Home of ChanRobles Virtual Law Library

PHILIPPINE SUPREME COURT DECISIONS

EN BANC

[G.R. No. 41503. August 17, 1934. ]

E. M. MASTERSON, Plaintiff-Appellee, v. SMITH NAVIGATION COMPANY, Defendant-Appellant.

Pedro Camus for Appellant.

Virata & Chaves for Appellee.

SYLLABUS


1. CIVIL PROCEDURE; ATTACHMENT; DAMAGES RESULTING FROM WRONGFUL ISSUANCE OF A WRIT OF ATTACHMENT. — The plaintiff brought action for a sum of money and secured an order of attachment on one of the defendant’s vessels on the ground that said defendant had sold or war about to sell its property with intent to defraud him and the other creditors. It appeared, however, that the defendant could not sell either one of the two vessels it was operating because they were mortgaged to the Philippine Trust Company, which acted as trustee by virtue of a public instrument signed with others, by the plaintiff himself. It likewise appeared that the defendant had sold a car to Fernandez Hermanos, but said sale could not have been fraudulent because it had been made by the board of directors of the defendant of which the plaintiff was a member. Held: That the order of attachment was issued without any justifiable motive and the plaintiff is liable for the damages caused to the defendant.


D E C I S I O N


IMPERIAL, J.:


The plaintiff brought this action to recover from the defendant, a domestic corporation, three distinct sums of money which were the subject matter of another three separate causes of action. At the trial, the plaintiff asked for the dismissal of his third cause of action, the debt involved therein having been paid, and the defendant, in turn, made a confession of judgment with respect to the first and second causes of action and consented to have judgment entered against it for the sums of money claimed thereunder. The trial proceeded for the purpose of passing upon the defendant’s counterclaim seeking judgment against the plaintiff for the sum of P15,549.82.

The court rendered judgment ordering the defendant to pay the sum of P1,000 with interest thereon at 12 per cent per annum from November 3, 1931, until fully paid, with costs, and dismissing the counterclaim. The defendant appealed from the last part of the judgment.

Upon instituting his action the plaintiff secured an order of attachment on the defendant’s vessel Ethel Conklin, alleging as his ground that said defendant had sold and was about to sell its property with intent to defraud him and the other creditors. It appeared, however, that the defendant could not dispose of either one of the two vessels it was operating because they were mortgaged to the Philippine Trust Company, which acted as trustee by virtue of a public instrument signed with others, by the plaintiff himself. It is true that the defendant had sold a car to Fernandez Hermanos, but the sale could not have been fraudulent on the ground that it had been made by the board of directors of the defendant of which the plaintiff was a member. The plaintiff approved the sale and the same was consummated with his consent.

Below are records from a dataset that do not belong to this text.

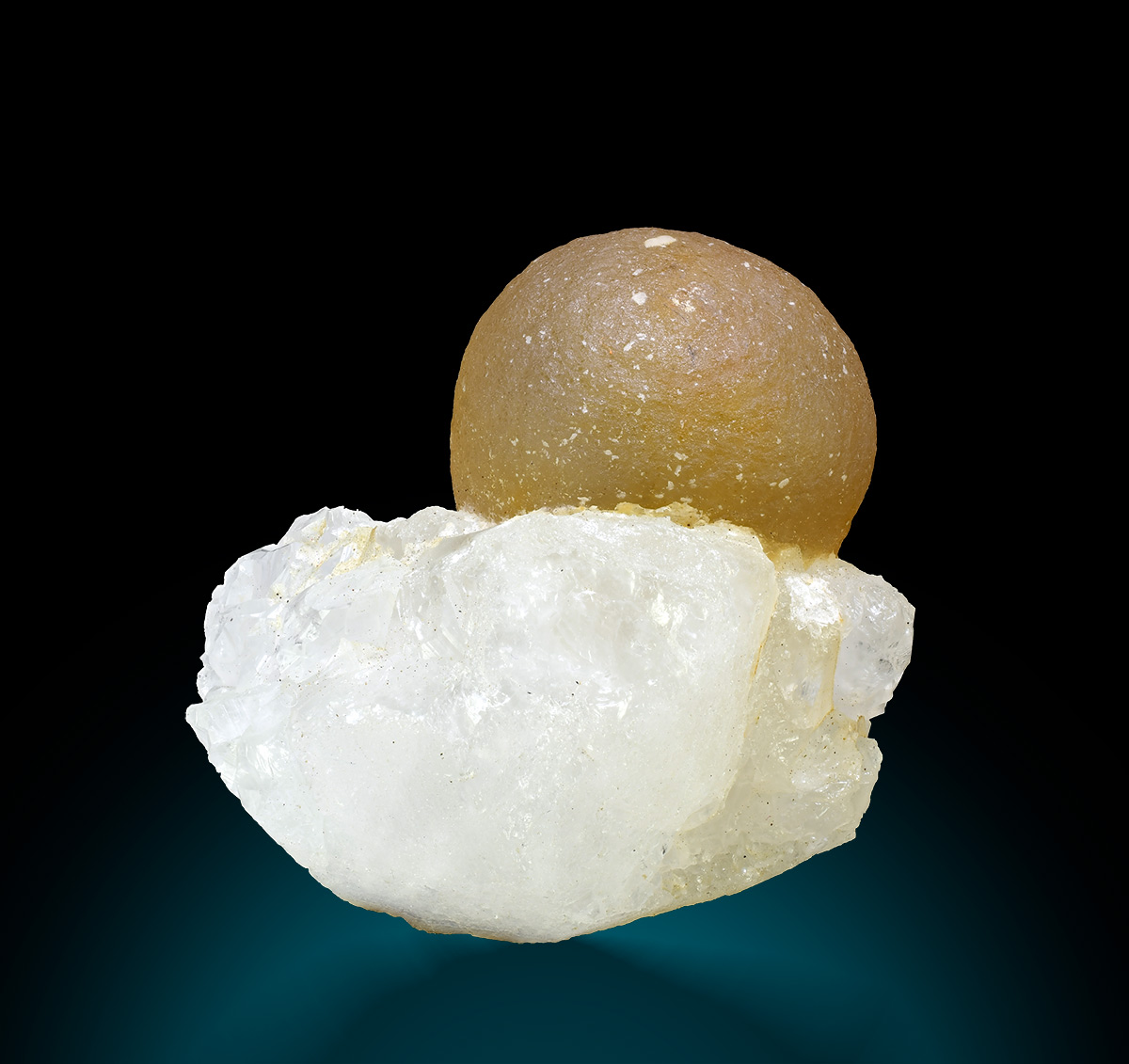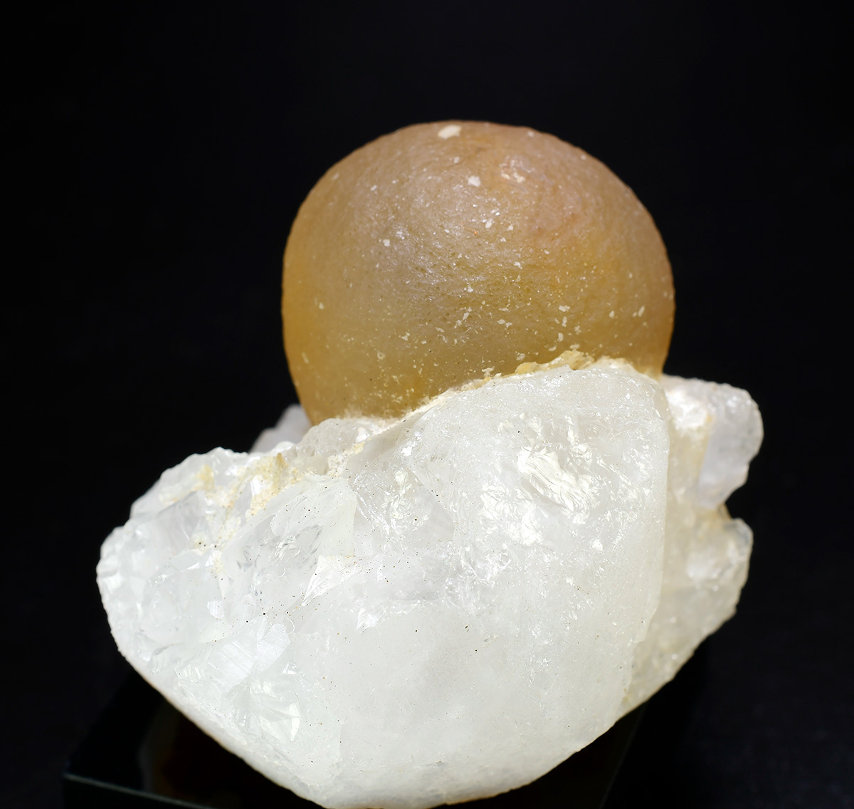 Translucent, yellow fluorite ball 2,2 cm wide aesthetically set on crust of sparkly quartz crystals.
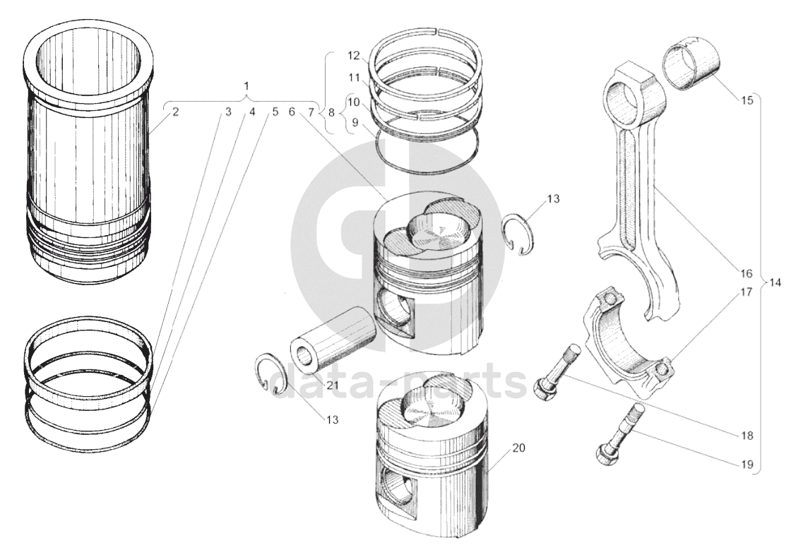 Комплект гильзы, поршня, поршневых и уплотнительных колец
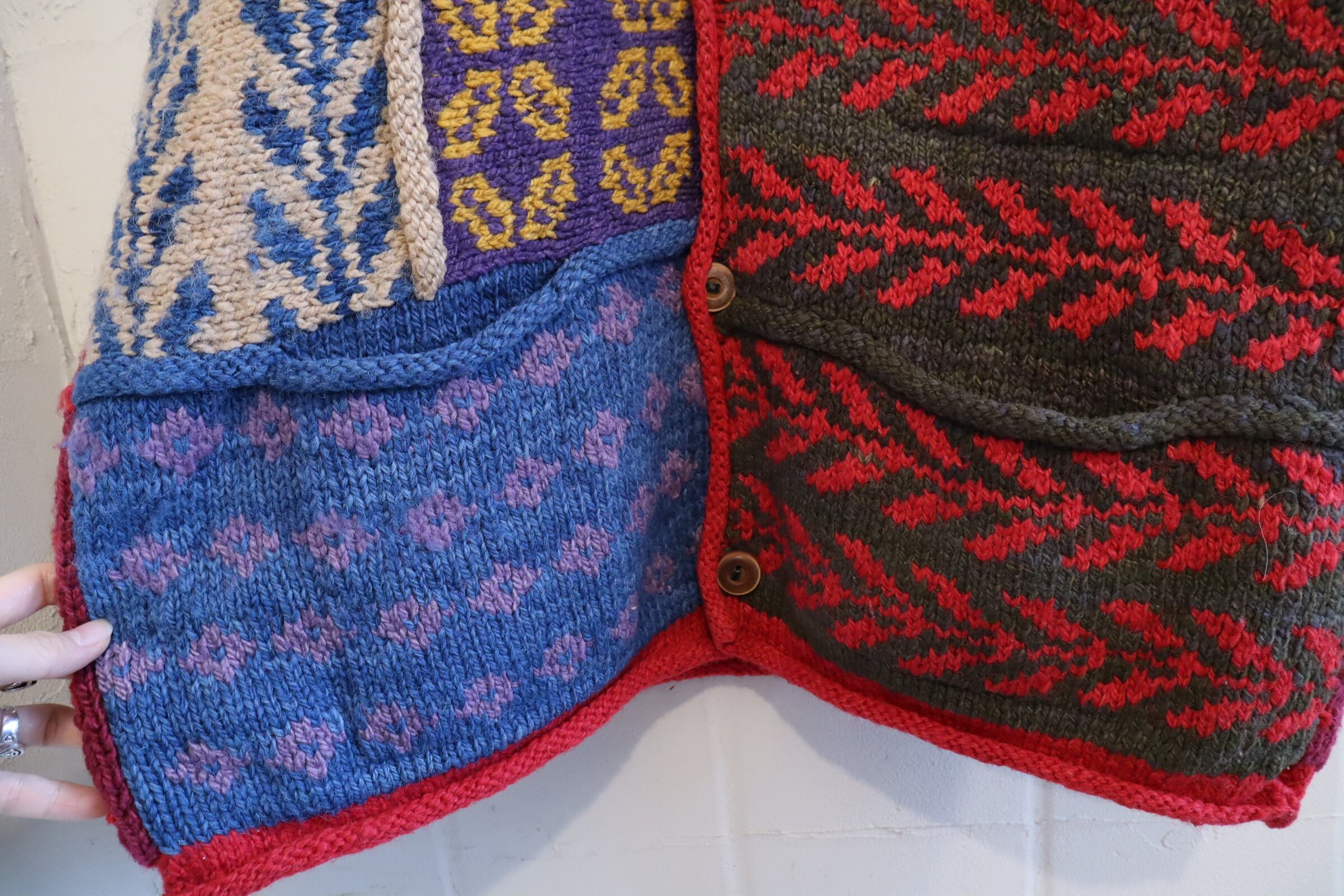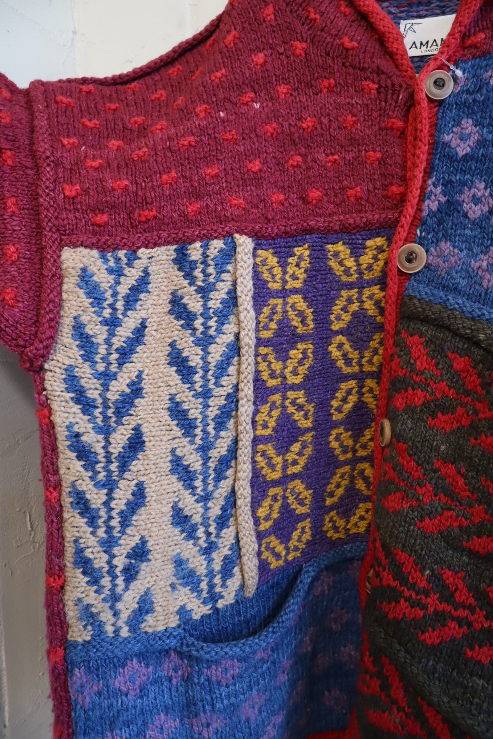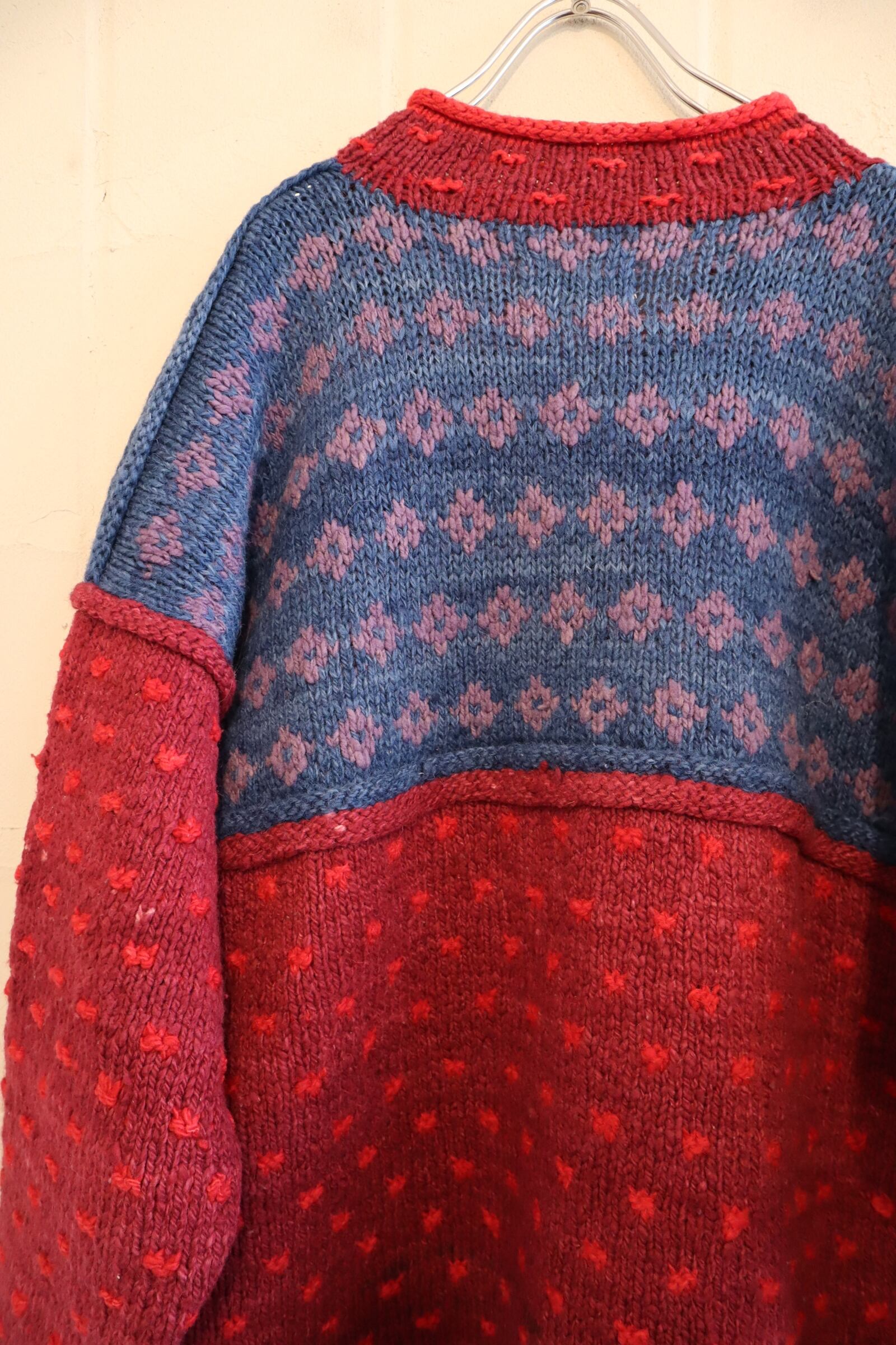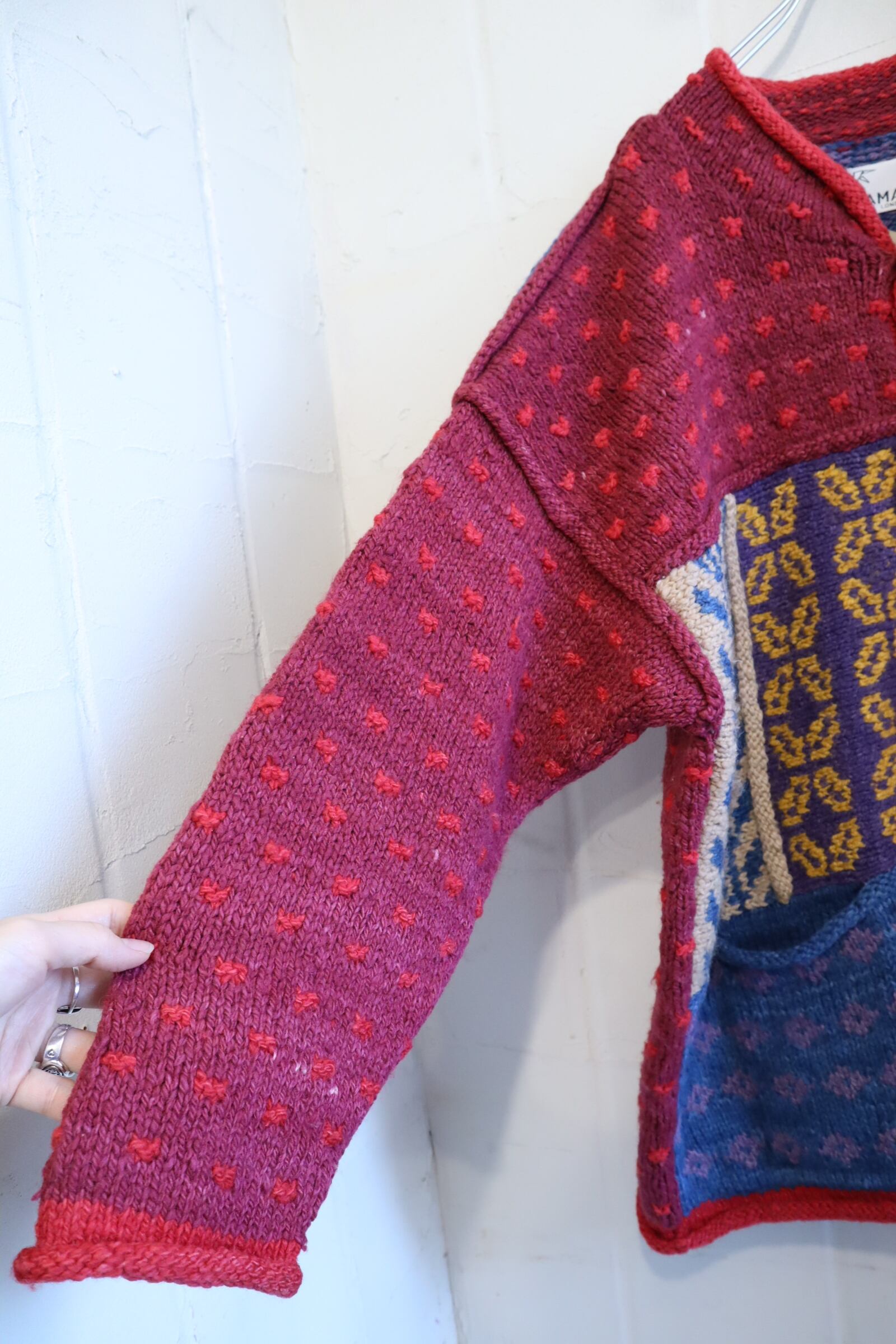 "AMANO" red×blue×colorful standcollar knit cardigan [l-2031]
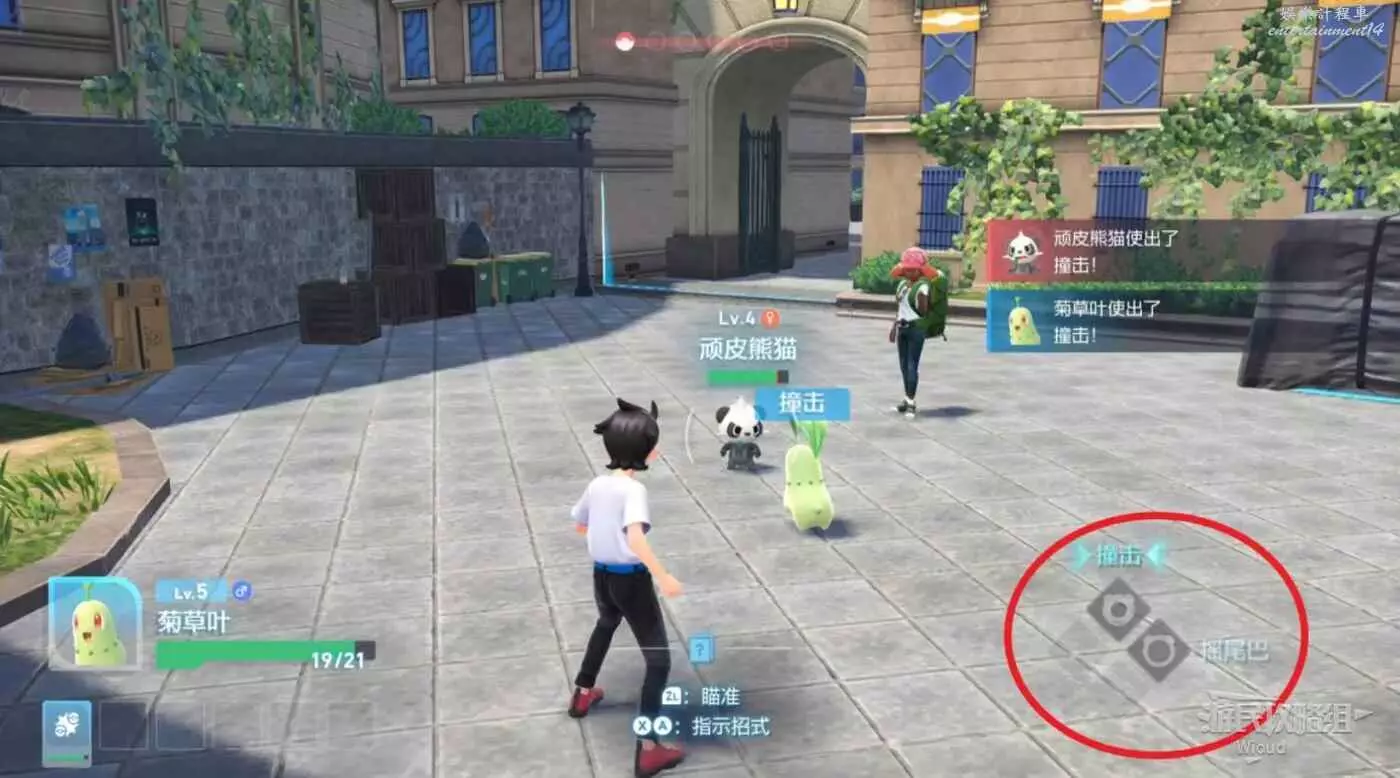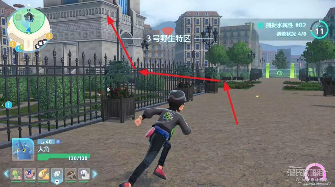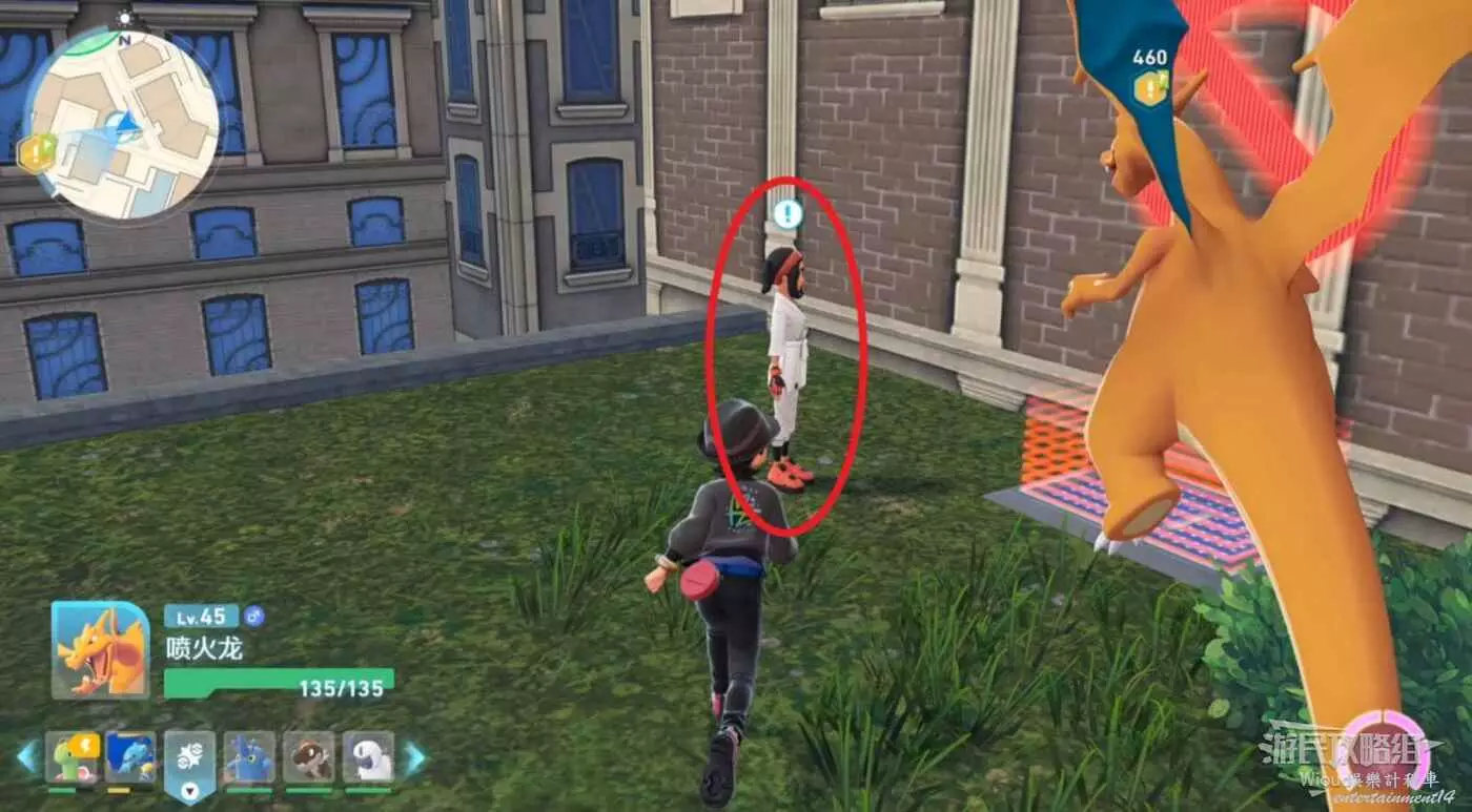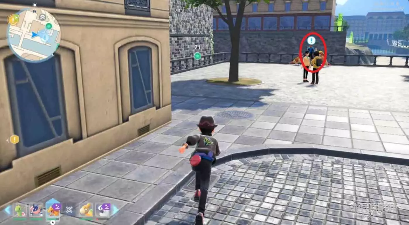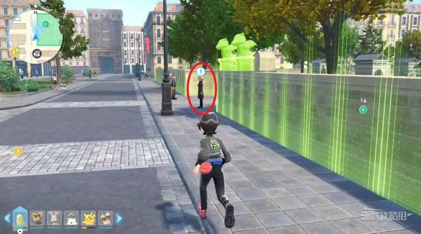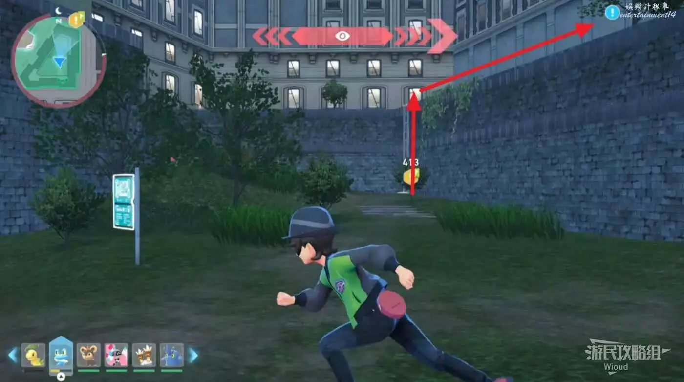 沿路往裡走,擊敗NPC的寶可夢積攢點數,按下左搖杆進入潛行狀態,然後操控寶可夢發動先行攻擊可造成大量傷害。

It is clear, therefore, that the order of attachment was issued without any justifiable motive and that the plaintiff is liable for the damages cause by him. The question that now arises relates to the extent of said damages. The defendant claims the sum of P16,334.05 in the following concept:chanrob1es virtual 1aw library

For loss of revenue on outward freightage P 1,075.00

For loss on account of the delay of 6 days attachment with

guard on board the S. S. Ethel Conklin at P200 a day 1,200.00

Losses for two (2) days delay in unloading with standby

stevedores 84.23

Losses to shippers caused by delay and charged to Smith

Navigation Company 374.82

Eighteen days delay for ordering shaft for Ethel Edwards

because of lack of financial assistance due to illegal at-

tachment at P200 a day 3,600.00

Damages to good name 10,000.00

————

Total 16,334.05

========

The second and fourth items represent damages properly imputable to the plaintiff. The vessel was attached and tied up for six days and loading and unloading was delayed by reason thereof. The vouchers presented by the defendant justify everything that it was compelled to pay to the owners of the cargoes and lighters which remained by the vessel’s side. This court, believes that the other items have not been satisfactorily proven and that the last two, particularly, are based on alleged damages which are very remote and problematical. We are of the opinion that the defendant is entitled to recover from the plaintiff only the sum of P1,574.82.

The appealed judgment is hereby modified and it is ordered that the plaintiff pay to the defendant, on its counterclaim, the sum of P1,574.82, without costs of this instance. So ordered.

Malcolm, Villa-Real, Butte and Goddard, JJ., concur.